Source: Getty Images for Doha Film Institute

Alice Rohrwacher

Italian director Alice Rohrwacher has described what she called the “genocide” of culture in Italy during the Silvio Berlusconi era and how even the most talented filmmakers now struggle as a result to establish a connection with their audiences.

“Right now, we are paying [for] this genocide,” said Rohrwacher, talking to Screen ahead of her masterclass at the Doha Film Institute’s talent development programme Qumra in Qatar this week.

“At the moment [genocide] arrives, people don’t realise,” she said. ”They ask themselves how this was possible and why they did nothing. The situation we have now is so confused… it is not just Berlusconi. It is a complex situation but it is always about what we do with our past. We escape from everything that is knowledge and we just want to take the form of the past.”

Rohrwacher expressed her dismay at the way rural and working-class history were trivialised in the Italian popular culture during the Berlusconi years.

“We had a very complex past. Let’s say that from the point of view of the peasants and the workers, it was a past full of pain but also full of knowledge,” the director said.

Rohrwacher addressed this corruption and distortion of the past by featuring a glossy but grotesque TV show in which Italian farmers compete to show they are the most authentic in The Wonders, her Cannes Grand Prix winner in 2014.

Rohrwacher’s third film, Happy As Lazzaro, won the best screenplay award at Cannes in 2018.

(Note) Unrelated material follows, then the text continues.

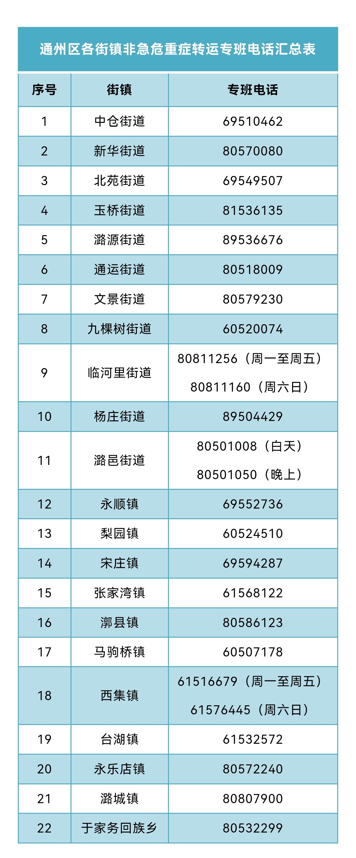 人民網(wǎng)北京12月21日電 為進(jìn)一步保障非急危重癥群眾就醫(yī)需求,不擠占120醫(yī)療急救資源,暢通就醫(yī)出行通道,將120救護車留給急危重癥患者,北京市通州區(qū)向社會公布各街道鄉(xiāng)鎮(zhèn)非急危重癥轉(zhuǎn)運專班熱線電話(具體熱線電話見下表)。
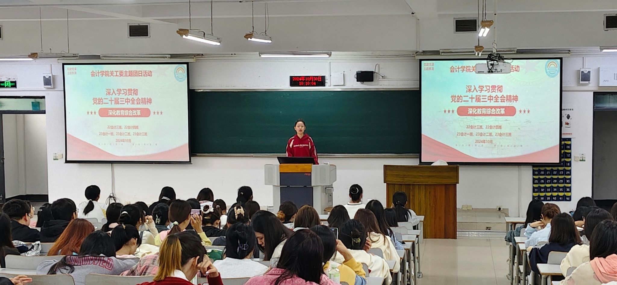 主题活动二:2022级会计三班等多个班级,开展学习贯彻党的二十届三中全会精神主题团日活动,主要围绕教育综合改革开展深入学习。同学们学习了党的二十届三中全会召开的基本情况、深化教育综合改革的重大意义、党的十八大以来教育综合改革的成效,以及深化教育综合改革的重点举措。同时,同学们还了解到学院近年在教育改革方面的举措,对“教育改革”的理解更加具象化。

“I make movies for the cinema”

Happy As Lazzaro may have sold to Netflix for the US, but the Italian remains adamant cinemas are still the best places in which to see movies. “I make movies for cinemas,” she declared in her masterclass.  ”They are a little bit more boring on a little screen. I hope people see them in cinemas because they are more beautiful. We are always wasting money to look for big emotion…the most emotion we can have is sitting in a cinema with people we don’t know and [we can] laugh together, cry together and sleep together, if the movie is very boring. This is the biggest emotion that exists in the world. Sometimes it’s crazy - we are spending a lot of energy to find bigger emotions but the big emotion is already there (in the cinema).”

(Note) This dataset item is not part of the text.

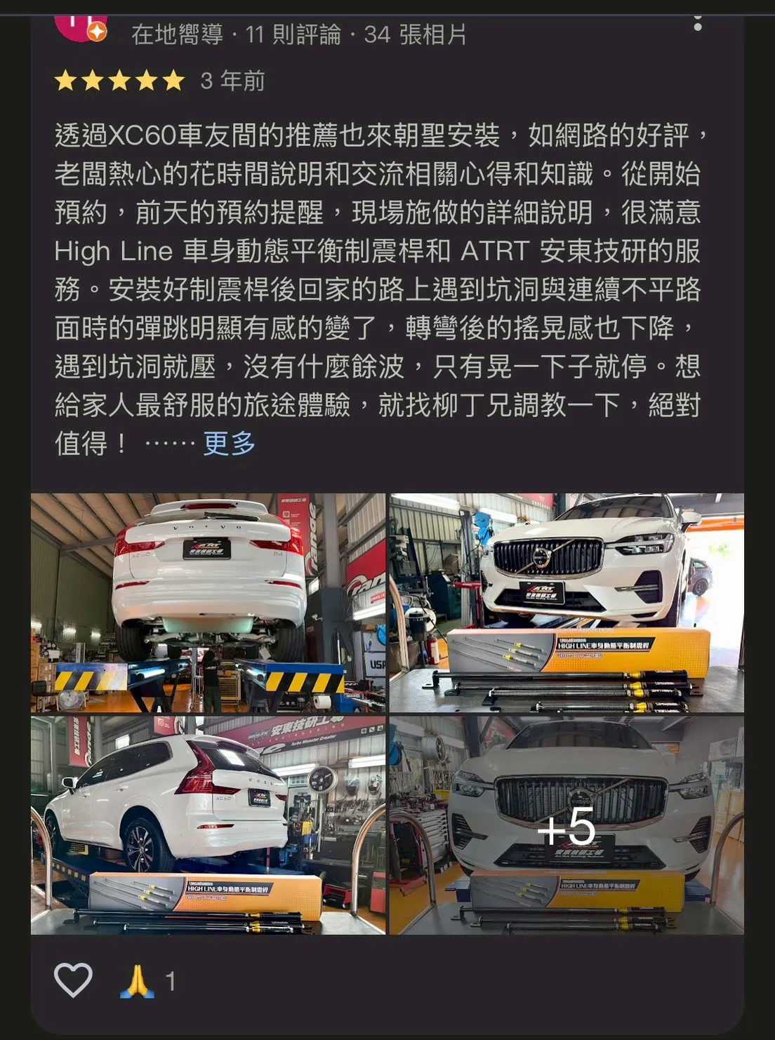 透過XC60車友間的推薦也來朝聖安裝,如網路的好評,老闆熱心的花時間說明和交流相關心得和知識。從開始預約,前天的預約提醒,現場施做的詳細說明,很滿意 High Line 車身動態平衡制震桿和 ATRT 安東技研的服務。安裝好制震桿後回家的路上遇到坑洞與連續不平路面時的彈跳明顯有感的變了,轉彎後的搖晃感也下降,遇到坑洞就壓,沒有什麼餘波,只有晃一下子就停。想給家人最舒服的旅途體驗,就找柳丁兄調教一下,絕對值得!

If cinemas aren’t available, she acknowledged, “Netflix and other platforms” have their uses. The problem, though, is the risk of losing the “emotion” seeing films in a communal environment in a cinema can still provide.

Influences

The director grew up in the countryside. Her mother was a teacher and her father (like the father in The Wonders) kept bees. Rohrwacher draws heavily on her childhood in her work. “It was always so strange to me when I was growing up that the past was so close and so far away. People were talking about something that happened five years before like it was the Middle Ages.”

Some of the experiences endured by her friends sounded like something out of a medieval tale. She talked of a friend who lost an ear because it was eaten off by a rat.

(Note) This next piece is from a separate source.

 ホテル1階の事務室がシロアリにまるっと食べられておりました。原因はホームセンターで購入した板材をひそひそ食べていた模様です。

Rohrwacher was not a regular filmgoer as a child. “Cinema became inaccessible,” she explained. ”If you were not in the big city, the only movies going around were very commercial and mainstream and television was not very present in our lives.”

Literature was her passion. “Literature was always present, with the possibility to escape, to imagine, invent stories and to forget.”

Rohrwacher claimed her film career really began as a result of a desire as a youngster to join the circus. A graduate of Torino University in literature and philosophy, she co-directed documentaries with “the secret plan” to learn skills that might later help with the circus career.

“Making documentaries for me was very difficult,” she acknowledged. “Every time a drama arrived, I would just put down the camera and help [the subjects]. My colleagues said, no, exactly when drama arrives, you have to film.”

The director mounted a spirited defence of her decision to continue shooting on super 16mm film rather than on digital. “[Film] is a beautiful technology I really love and I always say it is the most modern technology I met in my life,” she said. “For me, it was very important not to have too many possibilities in front of me and to have limitations.”

Rohrwacher is now writing a new film but said it was too early to say if she will make it next. “Maybe it is not the right one,” she said.